| layout | default |
|---|---|
| title | Chapter 5: Integrations: Claude Code, Cursor, and Tooling |
| nav_order | 5 |
| parent | FastMCP Tutorial |
Welcome to Chapter 5: Integrations: Claude Code, Cursor, and Tooling. In this part of FastMCP Tutorial: Building and Operating MCP Servers with Pythonic Control, you will build an intuitive mental model first, then move into concrete implementation details and practical production tradeoffs.
This chapter explains host integration workflows for coding assistants and local IDE tooling.
- install FastMCP servers into Claude Code and Cursor workflows
- manage dependency and environment requirements per host
- choose between CLI-generated and manual configuration approaches
- reduce day-to-day friction in local coding-agent usage
- define server entrypoint and dependencies
- install via CLI helpers where available
- verify scoped configuration (workspace/user/project)
- run a deterministic smoke task before broader usage
You now have practical host integration patterns for daily coding workflows.
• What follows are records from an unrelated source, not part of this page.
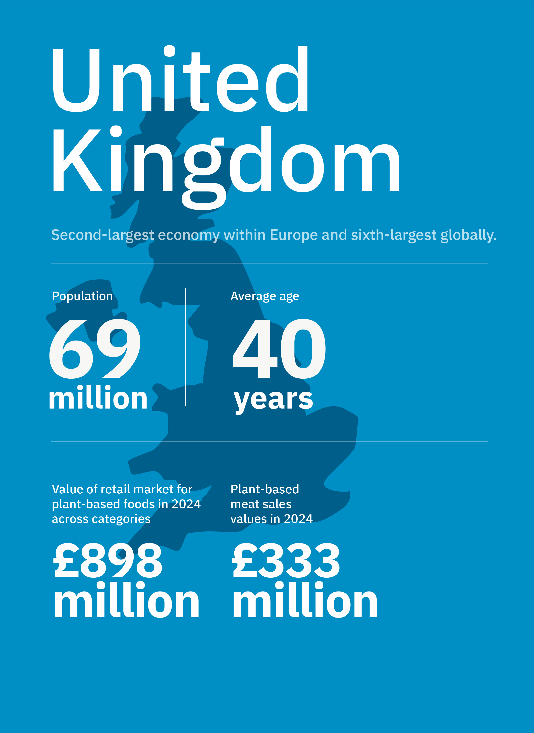 - The UK is the second largest market for plant-based alternatives in Europe, with the plant-based food segment valued at £898 million in 2024, of which plant-based meat accounts for £333 million.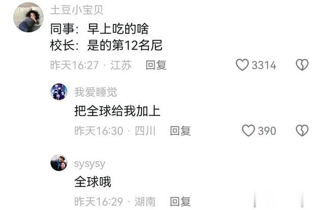 不管别人怎么问,校长的回答“是的全球第12名哦”,着重强调一下是全球。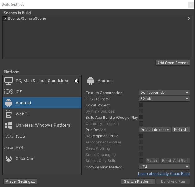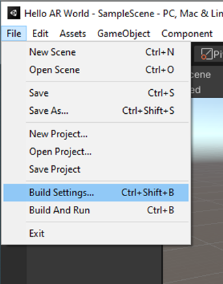 1. Inside your newly created project, let’s modify the build settings to target the ARCore platform.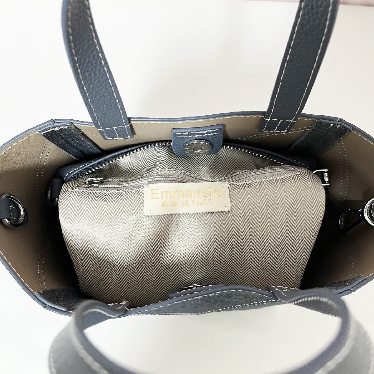 上品・ハンドバッグ 定価12万◆Emmauela・イタリア・ミラノ発◆高級牛革 大容量 2WAY ポーチ付き バケツバッグ デイリー 通勤 レディース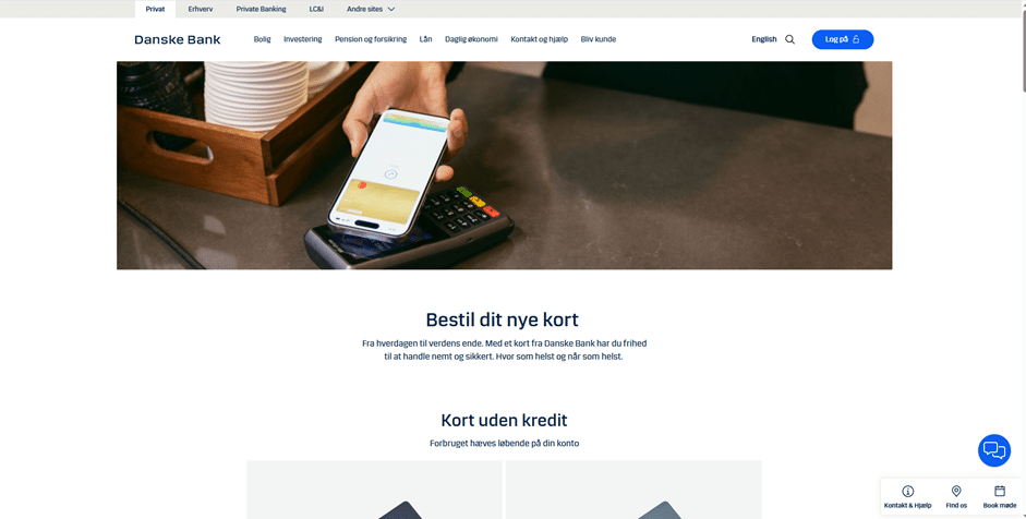 - Du vil blive viderestillet til Danske Banks kontaktside eller en formular, hvor du skal logge ind med MitID (hvis du er eksisterende kunde).

Next: Chapter 6: Configuration, Auth, and Deployment
The add_memory function in examples/memory.py handles a key part of this chapter's functionality:
async def add_memory(content: str, deps: Deps):
new_memory = await MemoryNode.from_content(content, deps)
await new_memory.save(deps)
similar_memories = await find_similar_memories(new_memory.embedding, deps)
for memory in similar_memories:
if memory.id != new_memory.id:
await new_memory.merge_with(memory, deps)
await update_importance(new_memory.embedding, deps)
await prune_memories(deps)
return f"Remembered: {content}"
async def find_similar_memories(embedding: list[float], deps: Deps) -> list[MemoryNode]:
async with deps.pool.acquire() as conn:
rows = await conn.fetch(
"""
SELECT id, content, summary, importance, access_count, timestamp, embedding
FROM memories
ORDER BY embedding <-> $1
LIMIT 5
""",
embedding,
)
memories = [
MemoryNode(
id=row["id"],This function is important because it defines how FastMCP Tutorial: Building and Operating MCP Servers with Pythonic Control implements the patterns covered in this chapter.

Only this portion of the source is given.